◆ Instructions to follow ◆
Apart from the pictures, every entry must be retyped exactly.

◆ Dataset entries ◆
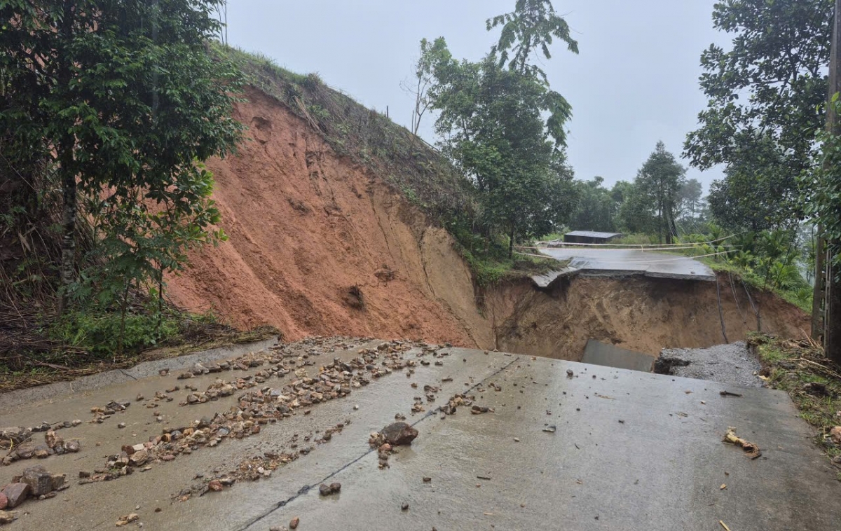 Một đoạn đường bị trôi, gây ách tắc giao thông.
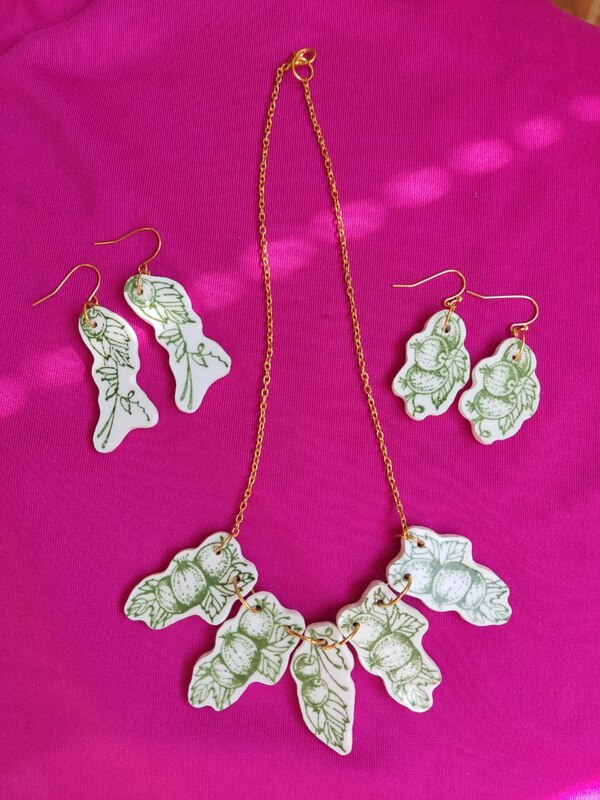 2013 is the year I began my activities to «rescue» accidentally broken dishes. The photo shows a former broken plate from the Krasnodar porcelain and earthenware factory «Chaika». Instead of being thrown away, it became jewelry.
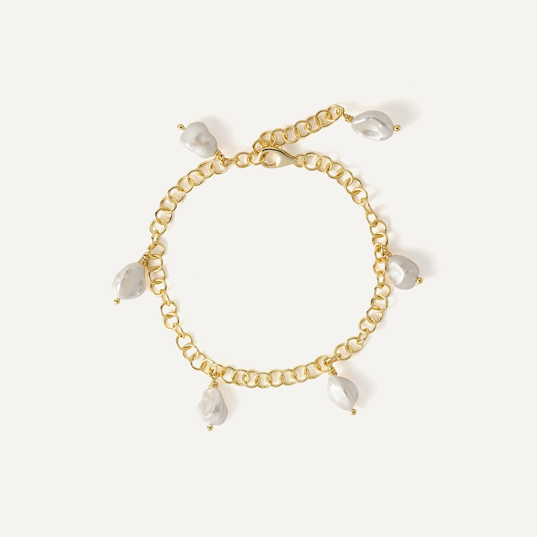 Браслет из желтого золота с жемчугом Кеши "Сердце"
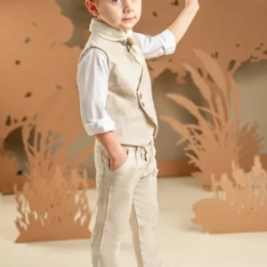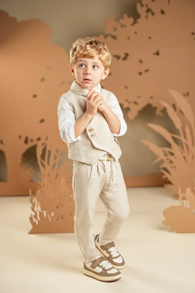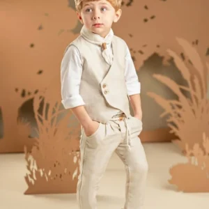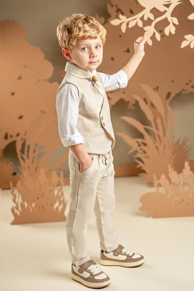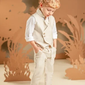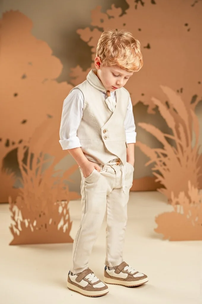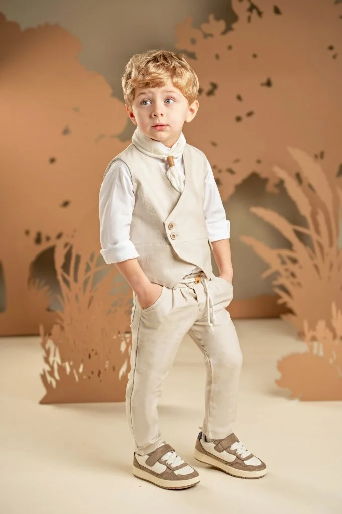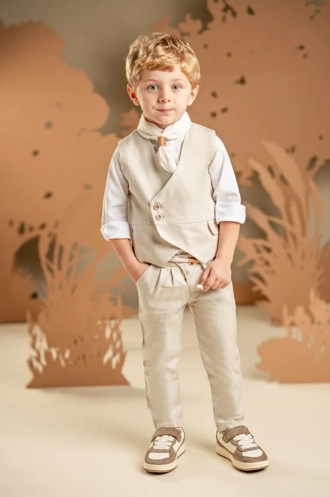 Για τους μικρούς κυρίους που αγαπούν το στυλ και τη λεπτομέρεια, αυτό το σετ υπόσχεται να εντυπωσιάσει σε κάθε ιδιαίτερη περίσταση. Το δίπιετο παντελόνι με το λοξό κούμπωμα συνδυάζεται τέλεια με το σταυρωτό γιλέκο και τα δύο από tencel-cotton-linen ύφασμα σε ανοιχτή μπεζ απόχρωση. Το off white βαμβακερό πουκάμισο με τον ιδιαίτερο Mao γιακά μαζί με το φουλάρι από τσαλακωμένο βουάλ σε λευκό χρώμα συμπληρώνουν ιδανικά το look. Για το τελικό στυλ μπορείτε να επιλέξετε ανάμεσα στο ψάθινο καπέλο ή την υφασμάτινη τραγιάσκα, ανάλογα με την προτίμησή σας.
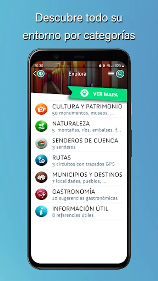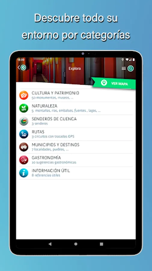 Esta app de viajes te hará disfrutar de contenidos organizados por categorías y subcategorías que te permitirán una navegación óptima por los mismos y así encontrar lo que más te interese. E incluso todos esos recursos tendrán la opción de como llegar.
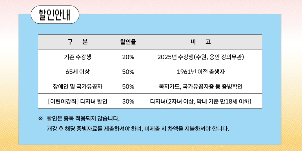 | 대상 | 성인 | 교육요일(횟수) | 금 (20회) |
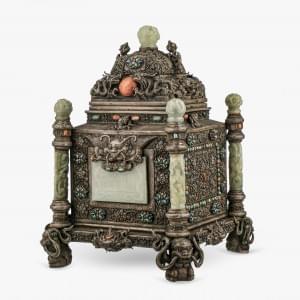1078. Grand coffret en argent à colonnettes et plaques de jade, art si...
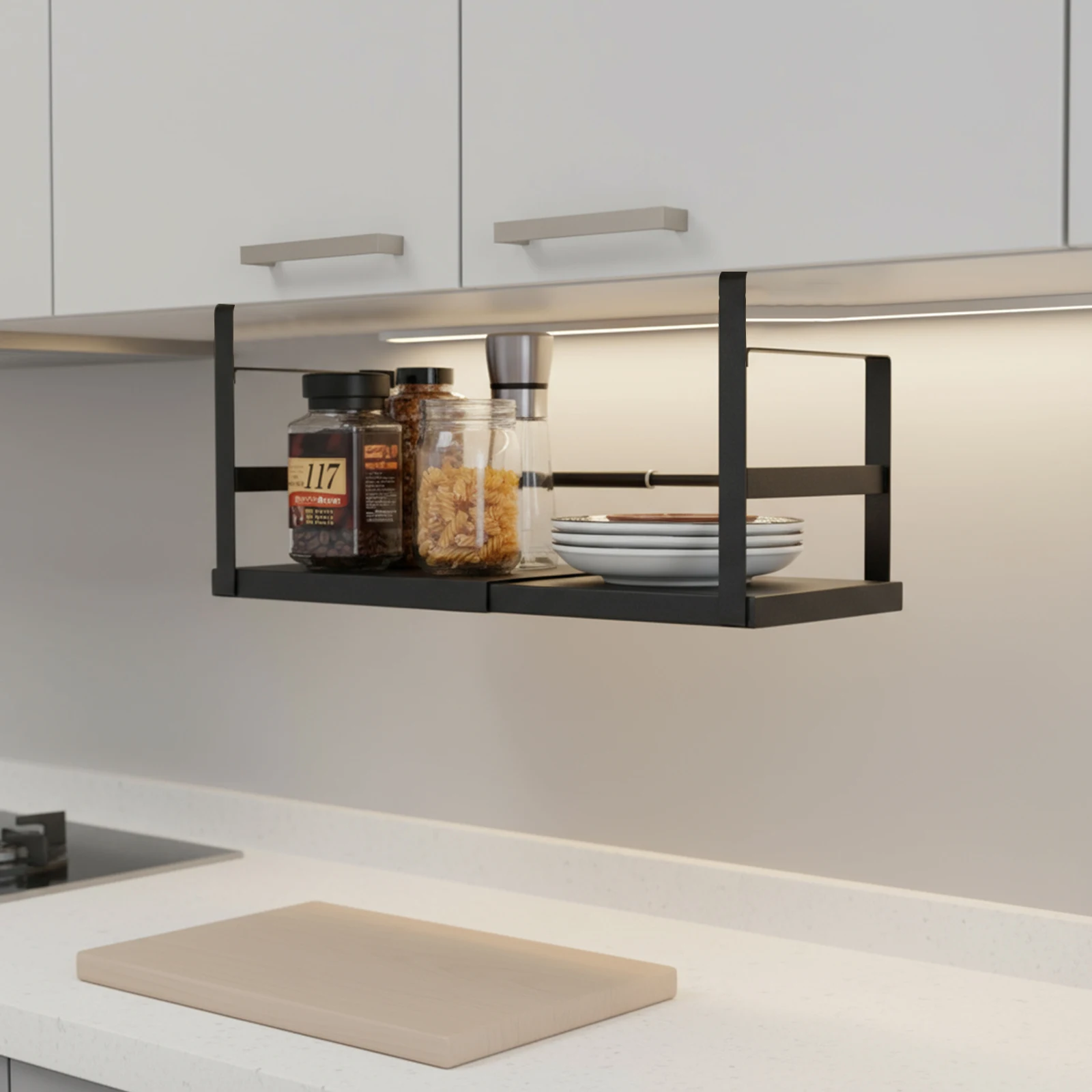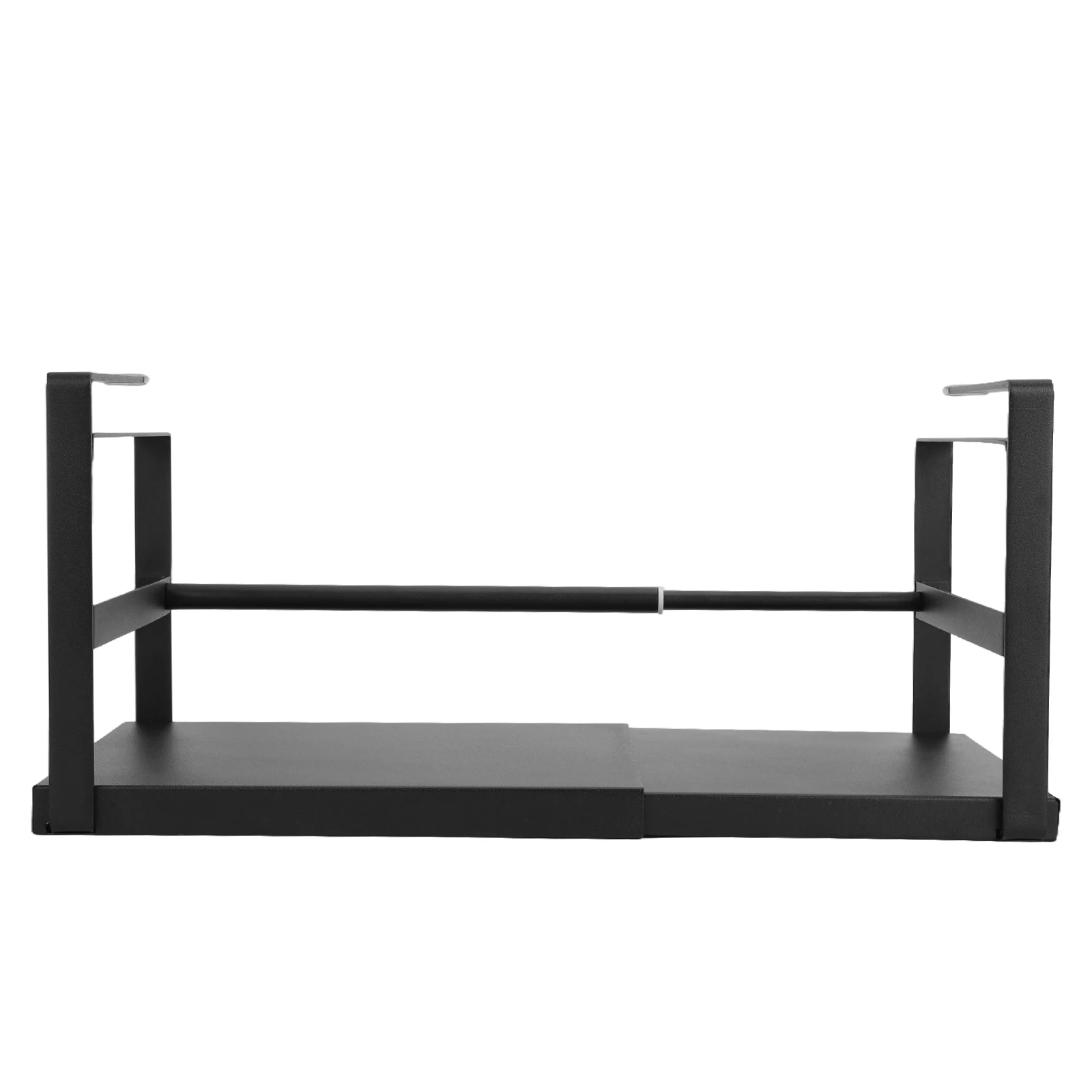 Features: 1.Easy Installation: No drilling or nails needed. The hook design of the expandable cabinet organizer shelf ensures hassle-free and secure setup, saving you time and effort. Effortlessly upgrade your storage solutions in minutes. 2.Space-Saving Design: The hanging style of this retractable storage shelf maximizes storage space and keeps your area tidy and organized. Ideal for making full use of unused spaces in your home. 3.Adjustable Shelf Storage: The retractable kitchen rack features an extendable shelf to meet various kitchen storage needs. Easily store seasoning bottles, bakeware, or pans and customize your layout as needed. 4.Long-Lasting and Sturdy: Crafted from carbon steel, the seasoning bottle storage rack provides stable support and resists deformation. Strong load-bearing capacity allows for convenient storage of various items in most cabinets. 5.Versatile Use: Suitable for kitchens, closets, shoe cabinets, and more, this expandable under shelf storage rack is an ideal choice for organizing different spaces in your home with ease. Specification: Surface treatment: baking paint (black sand pattern) Shelf classification: Inside the cabinet Material: carbon steel Attributes: Retractable cabinet hanger Product specifications: Telescopic hanger A black Product size: scalable length 270- 450mm; width 220mm Function: multi-purpose, removable, installation-free Maximum load-bearing weight: 7kg Warm reminder: The thickened version does not come with a base hanging piece

◆ Solution to the exercise ◆
 Một đoạn đường bị trôi, gây ách tắc giao thông.
 2013 is the year I began my activities to «rescue» accidentally broken dishes. The photo shows a former broken plate from the Krasnodar porcelain and earthenware factory «Chaika». Instead of being thrown away, it became jewelry.
 Браслет из желтого золота с жемчугом Кеши "Сердце"
 Για τους μικρούς κυρίους που αγαπούν το στυλ και τη λεπτομέρεια, αυτό το σετ υπόσχεται να εντυπωσιάσει σε κάθε ιδιαίτερη περίσταση. Το δίπιετο παντελόνι με το λοξό κούμπωμα συνδυάζεται τέλεια με το σταυρωτό γιλέκο και τα δύο από tencel-cotton-linen ύφασμα σε ανοιχτή μπεζ απόχρωση. Το off white βαμβακερό πουκάμισο με τον ιδιαίτερο Mao γιακά μαζί με το φουλάρι από τσαλακωμένο βουάλ σε λευκό χρώμα συμπληρώνουν ιδανικά το look. Για το τελικό στυλ μπορείτε να επιλέξετε ανάμεσα στο ψάθινο καπέλο ή την υφασμάτινη τραγιάσκα, ανάλογα με την προτίμησή σας.
 Esta app de viajes te hará disfrutar de contenidos organizados por categorías y subcategorías que te permitirán una navegación óptima por los mismos y así encontrar lo que más te interese. E incluso todos esos recursos tendrán la opción de como llegar.
 | 대상 | 성인 | 교육요일(횟수) | 금 (20회) |
1078. Grand coffret en argent à colonnettes et plaques de jade, art si...
 Features: 1.Easy Installation: No drilling or nails needed. The hook design of the expandable cabinet organizer shelf ensures hassle-free and secure setup, saving you time and effort. Effortlessly upgrade your storage solutions in minutes. 2.Space-Saving Design: The hanging style of this retractable storage shelf maximizes storage space and keeps your area tidy and organized. Ideal for making full use of unused spaces in your home. 3.Adjustable Shelf Storage: The retractable kitchen rack features an extendable shelf to meet various kitchen storage needs. Easily store seasoning bottles, bakeware, or pans and customize your layout as needed. 4.Long-Lasting and Sturdy: Crafted from carbon steel, the seasoning bottle storage rack provides stable support and resists deformation. Strong load-bearing capacity allows for convenient storage of various items in most cabinets. 5.Versatile Use: Suitable for kitchens, closets, shoe cabinets, and more, this expandable under shelf storage rack is an ideal choice for organizing different spaces in your home with ease. Specification: Surface treatment: baking paint (black sand pattern) Shelf classification: Inside the cabinet Material: carbon steel Attributes: Retractable cabinet hanger Product specifications: Telescopic hanger A black Product size: scalable length 270- 450mm; width 220mm Function: multi-purpose, removable, installation-free Maximum load-bearing weight: 7kg Warm reminder: The thickened version does not come with a base hanging piece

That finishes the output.